API
While the manual web console is useful to explore blockchain data with GraphQL queries, how do you build analytics tools and back end which would consume their results?
You can automate with API calls with the same GraphQL queries as you tried in the console.
The development process may start with you designing queries in the GraphQL console, combining and refining them. Once you figured out how to collect all the data you need, you can incorporate these query calls into your DApp frontend.
Synchronous with http
Try this http call with queries for both the decoded and the raw block
100000. We use curl
for demo to send this http POST, but any other
http client either in the browser or on the back can do the same.

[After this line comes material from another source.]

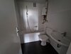 - Anthrazite Boden- und weiße Wandfliesen im Bad
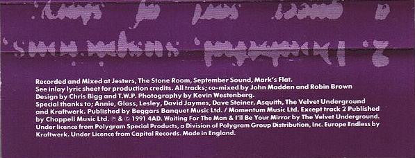 Recorded and mixed at Jesters, The Stone Room, September Sound, Mark's flat. [Samples: <i>Waiting For The Man</i> & <i>I'll Be Your Mirror</i> by The Velvet Underground [A1 <i>Europe Endless</i> by Kraftwerk [B3

curl https://hasura.prod.summary.dev/v1/graphql --data-raw '{"query":"{starknet_goerli_block(where: {block_number: {_eq: 100000}}) { transactions { function entry_point_selector inputs { name type value } events { name transmitter_contract arguments { name type value decimal } } } } starknet_goerli_raw_block_by_pk(block_number: 100000) { raw }}"}'
Asynchronous with WebSocket
To get notified of changes to your query results use GraphQL subscriptions feature. It lets you connect via a WebSocket, pass your query as a subscription and your client will get called back once the results change. Use your favorite WebSocket or GraphQL client or our sample subscriber as a starting point to build web hooks that react to changes in blockchain data.
This example invocation of our subscriber
reacts to the latest three
events emitted.
npm start 'subscription {starknet_goerli_event(limit: 3, order_by: {id: desc}) {id, name}}'
The subscription query can be of any complexity required to get the data you're interested in, and deliver changes in an arbitrary collection of entities.